* Task:
Print the listing below exactly, minus its pictures.

* Dataset records:
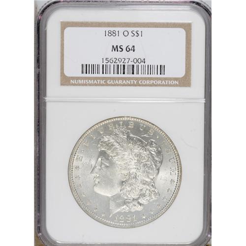 <B>1881-O $1 MS64 NGC.</B></I> NGC Census: (3194/435). PCGS Population (2432/435). Mintage: 5,708,000. Numismedia Wsl. Price: $129. (#7128)<BR><BR><b>Shipping:</b> Coins & Currency (<a target="_blank" href="http://www.heritageauctions.com/common/shipping.php">view shipping information</a>)
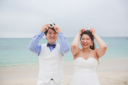 シンプルビーチプランでお申し込みのお二人。シンプル撮影と言っても120カットなのでおトク感あり♪お二人のお好きなポーズに加えカメラマンが提案しながら撮影(^^♪
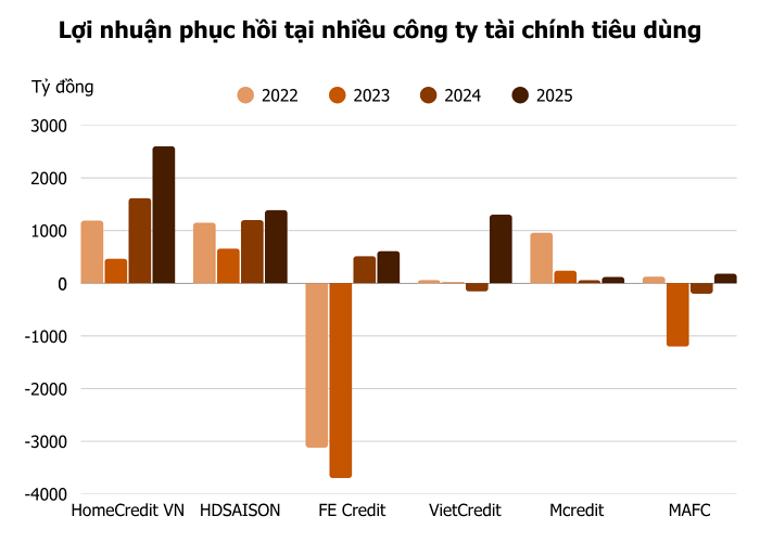 Trên nền tảng đà phục hồi từ 2024, nhiều công ty tài chính tiêu dùng báo lợi nhuận năm 2025 tăng mạnh, thậm chí lập đỉnh.
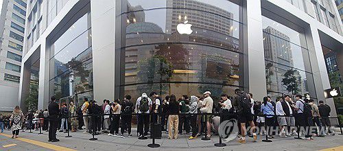 19일 오전 7시 30분께 서울 중구 명동 플래그십 스토어 애플 명동 앞에는 아이폰을 구매하려는 시민 100여명으로 북적였다.
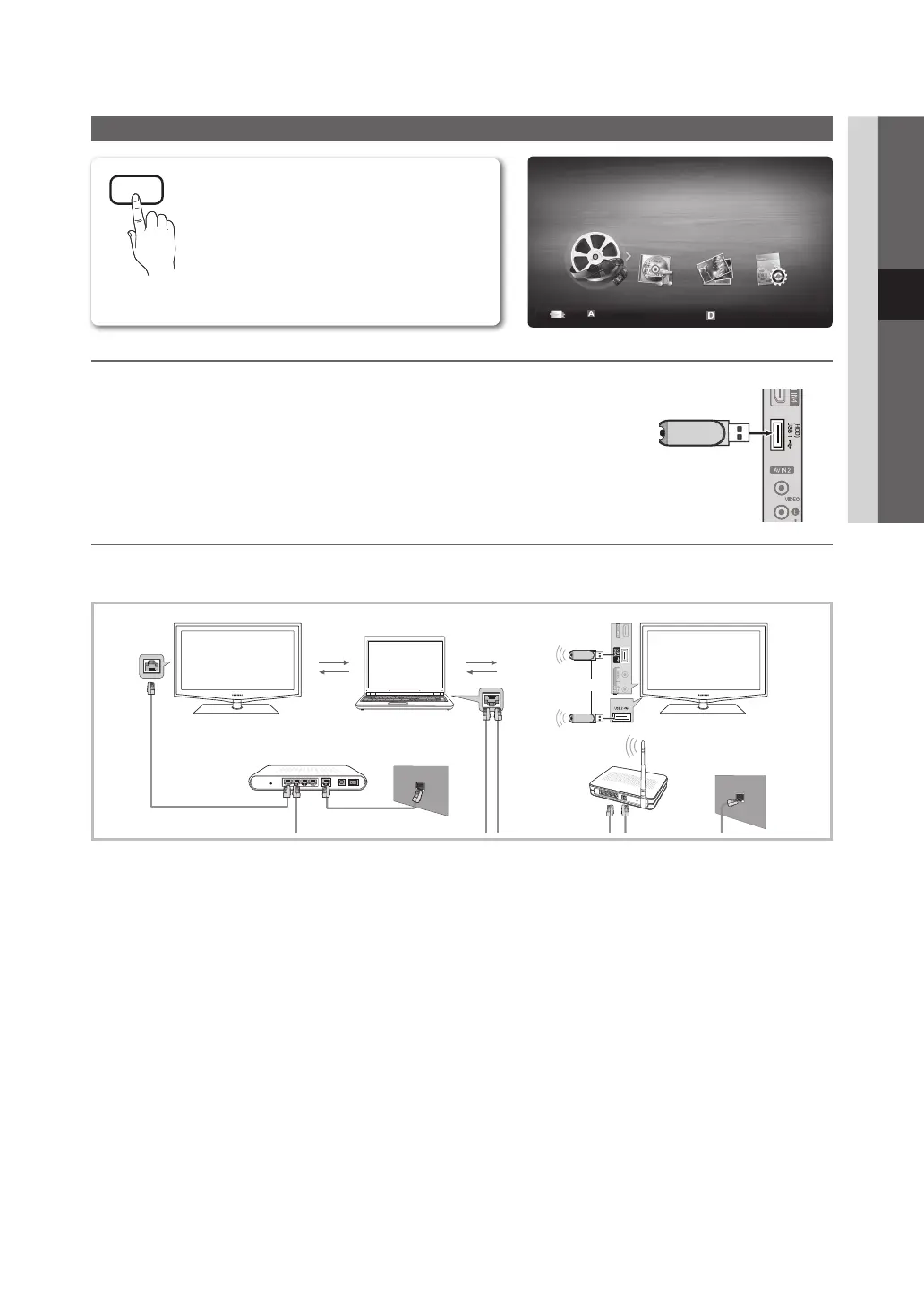 您可以透過 Media Play 模式中的網路連接,播放儲存在電腦或電視上的圖片、音樂和視訊。
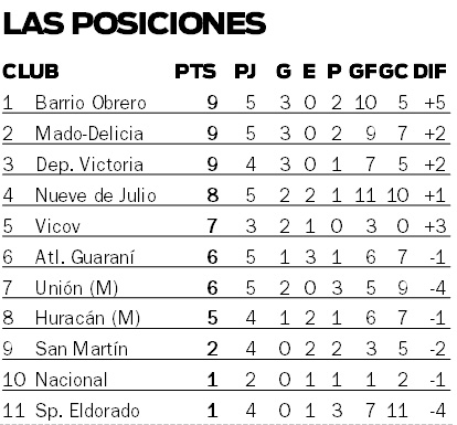 En la continuidad de la quinta fecha de la fase regular del Clasificatorio 2023 de Primera de la Liga de Eldorado, Deportivo Victoria desaprovechó una gran oportunidad para cortarse en la cima, sufrió su primera derrota y lo alcanzaron Barrio Obrero de Esperanza y Asociación de Clubes Mado-Delicia.
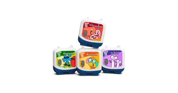 Hörfigur für die Toniebox: Tonies sind Hörfiguren für die Toniebox. Sie machen Hören anfassbar, denn mit ihnen bedient man die Toniebox. Man kann sie aber auch sammeln und mit ihnen spielen. Um der Musik zu lauschen, stellt man die Hörfigur einfach auf die Toniebox. Herzlich willkommen zu Bühne frei für…! In dieser neuen Show dreht sich alles um die grossartigen, faszinierenden und manchmal auch etwas ekligen Bestandteile und Systeme, die dafür sorgen, dass der menschliche Körper funktioniert. Moderiert wird das Spektakel von der reizenden Ellen Bogen und ihrem witzigen Co-Moderator Lin Darm. Jede Folge nimmt ein anderes Körpersystem unter die Lupe und verwandelt komplexe Themen in eine spannende Show. Schwungvolle Musiknummern, urkomische Comedy-Routinen, knifflige Quizfragen und überraschende Gastauftritte erwarten euch bei dieser Talkshow der besonderen Art. Dieses Set beinhaltet vier Clever Tonies: Das SkelettDas ImmunsystemDer VerdauungstraktDas NervensystemAchtung: Produkt ist ausschliesslich in deutscher Sprache erhältlich!
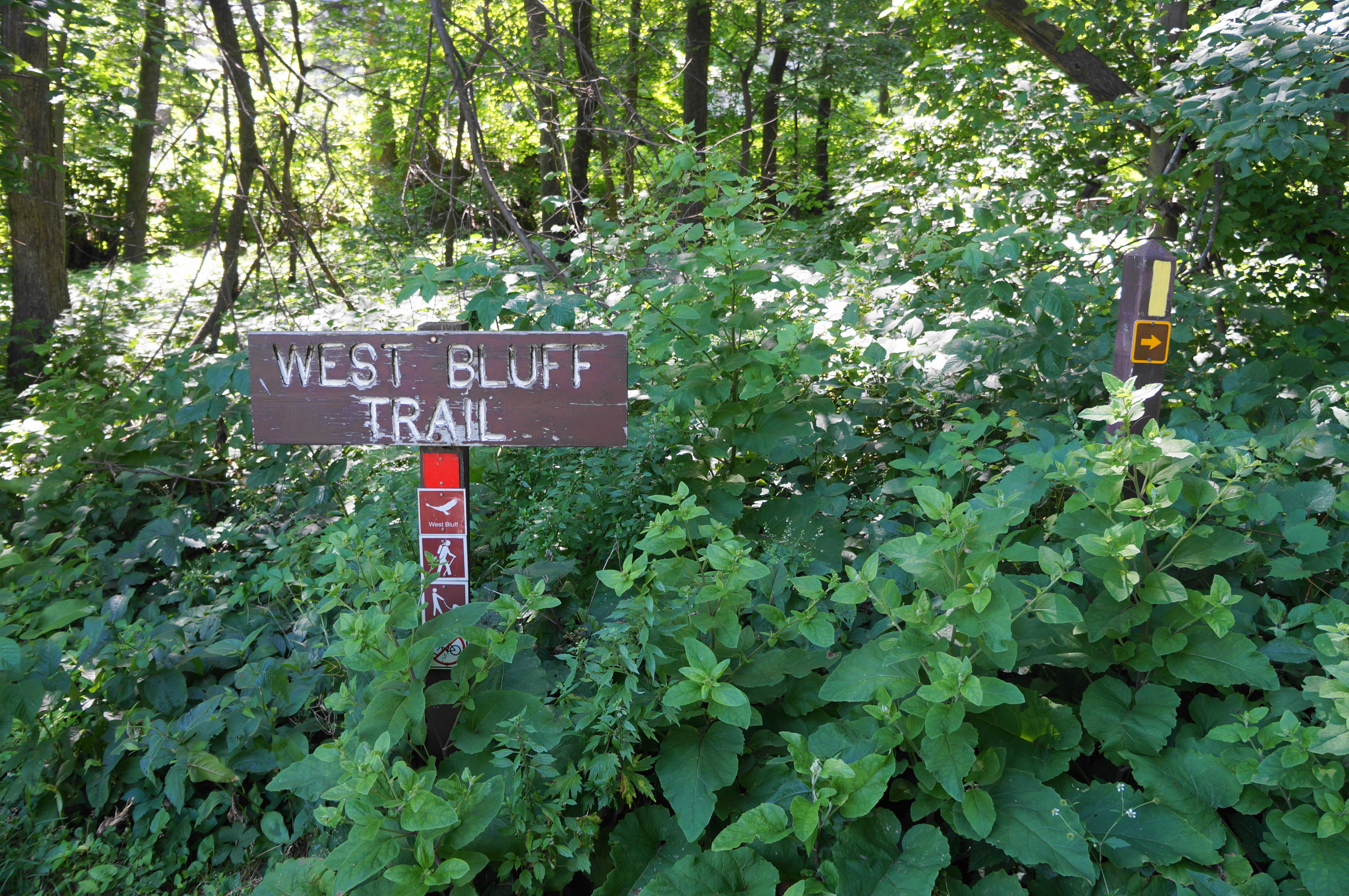 After briefly inspecting the darkness of the cave, continue downhill on the East Bluff Trail, staying right at a prominent spur trail at 5.1 miles. Minutes later, bear left at the wide junction with the East Bluffs Woods Trail, continuing northward. From here it is a short and easy walk to the Additional Parking lot, capping off the 5.25-mile hike.

* Reply:
 <B>1881-O $1 MS64 NGC.</B></I> NGC Census: (3194/435). PCGS Population (2432/435). Mintage: 5,708,000. Numismedia Wsl. Price: $129. (#7128)<BR><BR><b>Shipping:</b> Coins & Currency (<a target="_blank" href="http://www.heritageauctions.com/common/shipping.php">view shipping information</a>)
 シンプルビーチプランでお申し込みのお二人。シンプル撮影と言っても120カットなのでおトク感あり♪お二人のお好きなポーズに加えカメラマンが提案しながら撮影(^^♪
 Trên nền tảng đà phục hồi từ 2024, nhiều công ty tài chính tiêu dùng báo lợi nhuận năm 2025 tăng mạnh, thậm chí lập đỉnh.
 19일 오전 7시 30분께 서울 중구 명동 플래그십 스토어 애플 명동 앞에는 아이폰을 구매하려는 시민 100여명으로 북적였다.
 您可以透過 Media Play 模式中的網路連接,播放儲存在電腦或電視上的圖片、音樂和視訊。
 En la continuidad de la quinta fecha de la fase regular del Clasificatorio 2023 de Primera de la Liga de Eldorado, Deportivo Victoria desaprovechó una gran oportunidad para cortarse en la cima, sufrió su primera derrota y lo alcanzaron Barrio Obrero de Esperanza y Asociación de Clubes Mado-Delicia.
 Hörfigur für die Toniebox: Tonies sind Hörfiguren für die Toniebox. Sie machen Hören anfassbar, denn mit ihnen bedient man die Toniebox. Man kann sie aber auch sammeln und mit ihnen spielen. Um der Musik zu lauschen, stellt man die Hörfigur einfach auf die Toniebox. Herzlich willkommen zu Bühne frei für…! In dieser neuen Show dreht sich alles um die grossartigen, faszinierenden und manchmal auch etwas ekligen Bestandteile und Systeme, die dafür sorgen, dass der menschliche Körper funktioniert. Moderiert wird das Spektakel von der reizenden Ellen Bogen und ihrem witzigen Co-Moderator Lin Darm. Jede Folge nimmt ein anderes Körpersystem unter die Lupe und verwandelt komplexe Themen in eine spannende Show. Schwungvolle Musiknummern, urkomische Comedy-Routinen, knifflige Quizfragen und überraschende Gastauftritte erwarten euch bei dieser Talkshow der besonderen Art. Dieses Set beinhaltet vier Clever Tonies: Das SkelettDas ImmunsystemDer VerdauungstraktDas NervensystemAchtung: Produkt ist ausschliesslich in deutscher Sprache erhältlich!
 After briefly inspecting the darkness of the cave, continue downhill on the East Bluff Trail, staying right at a prominent spur trail at 5.1 miles. Minutes later, bear left at the wide junction with the East Bluffs Woods Trail, continuing northward. From here it is a short and easy walk to the Additional Parking lot, capping off the 5.25-mile hike.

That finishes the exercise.